BakingGirl Posted 11 Nov 2009 , 2:39pm
post #1 of 9

I bought William and Sonoma's sandwich cookie pan recently. Last night I decided to use it for the first time so I set to work on the recipe which is printed on the back of the box, a dark chocolate cake which contains both cocoa and real chocolate.

The instructions says to grease with shortening and a brush, which I did. Then to liberally dust with cocoa. I did stop at this point and think long and hard about that. I am not entirely convinced by dusting the pan, my theory is that the flour/or cocoa mixes with the grease and makes a paste which makes things stick. My method is just plain Pam. Still I went against my gut and floured the pan.

The cake finished baking, I put it on a rack to cool for a bit and then flipped it out...... nope, not coming out..... a little tap...... nothing......... another tap... still nothing........ leave it for a bit...... a big tap...... nope, still nothing....... a sharp hard tap...... oooooh, it is coming out - in two pieces! The second cake came out whole after similar coaxing, but I lost some of the detail on the top.

I know there is only way to find out if it is better to skip the flouring step, and I will bake the cake again to check, but what is your experience when you bake in detailed cake pans?

Do you flour or don't you flour the pan?

8 replies
indydebi Posted 11 Nov 2009 , 2:41pm
post #2 of 9

I haven't floured my baking pans ... any kind, any shape ... for over 30 years. Cakes come out better, rise higher, no crumbs, beautiful color.

I've never purchased a special brush to apply my grease either. I use a sheet of wax paper or just don a food safety glove.

BakingGirl Posted 11 Nov 2009 , 2:57pm
post #3 of 9

I remember seeing pictures of your cakes Indy in an old post about greasing pans, and yours are so high and nice that it convinced me that flouring pans is not necessary.

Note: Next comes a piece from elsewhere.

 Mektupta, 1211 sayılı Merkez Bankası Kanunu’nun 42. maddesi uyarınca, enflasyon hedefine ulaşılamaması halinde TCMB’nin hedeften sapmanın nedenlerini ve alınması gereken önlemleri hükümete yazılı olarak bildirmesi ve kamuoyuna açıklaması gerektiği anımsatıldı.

But I guess I was weak in this instance, thinking that it would not work with all that detail in the pan. Next time I will be strong!!

vagostino Posted 11 Nov 2009 , 3:00pm
post #4 of 9

I'm confused...so you just "grease" the pan but don;t follow with flour?
What kind of grease? butter? shortening?

indydebi Posted 11 Nov 2009 , 3:08pm
post #5 of 9

You can use the CK Brand Pan Grease (my 1st choice); Wilton's Pan Release ..... but what I use the most is just plain 'ole Crisco. No flour.

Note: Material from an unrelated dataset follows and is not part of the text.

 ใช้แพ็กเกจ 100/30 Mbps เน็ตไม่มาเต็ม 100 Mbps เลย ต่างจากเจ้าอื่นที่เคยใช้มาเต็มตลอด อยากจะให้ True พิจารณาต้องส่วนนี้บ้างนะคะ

mlharvell Posted 11 Nov 2009 , 3:19pm
post #6 of 9

I ALWAYS grease (Crisco) and flour my pans. Pam makes my cakes stick to the pan. I learned the hard way not to take shortcuts and to do it the right way the first time.

BakingGirl Posted 11 Nov 2009 , 3:21pm
post #7 of 9

I normally just use regular Pam, not the baking Pam with flour. I do put parchment in the bottom of the pan though, which is why I chickened out and dusted the W&S since it had so much detail and I could not use parchment. Never again!

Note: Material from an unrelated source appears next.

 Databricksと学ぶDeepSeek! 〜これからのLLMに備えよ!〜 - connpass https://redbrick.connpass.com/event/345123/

indydebi Posted 11 Nov 2009 , 3:24pm
post #8 of 9
Quote:
Originally Posted by mlharvell

I ALWAYS grease (Crisco) and flour my pans. Pam makes my cakes stick to the pan. I learned the hard way not to take shortcuts and to do it the right way the first time.




I dont' like Pam either .... it makes the cakes "crusty" on the outer edge.

I discovered the "dont' flour the pans" by accident. I greased the pans and forgot to flour them. I poured the batter in before I realized there was no flour. Crap! Then just thought, "Oh hell with it!" and baked them anyway.

The best looking, highest rising, easiest to remove from the pan cakes I'd ever made. That's when I discovered that flour in the pan creates a thin layer of baked flour on the cake, which was mixing in with my icing, which made the cake yucky (this was WAY before I started "decorating" and was just making a cake for the family.)

Never used flour again .... never looked back.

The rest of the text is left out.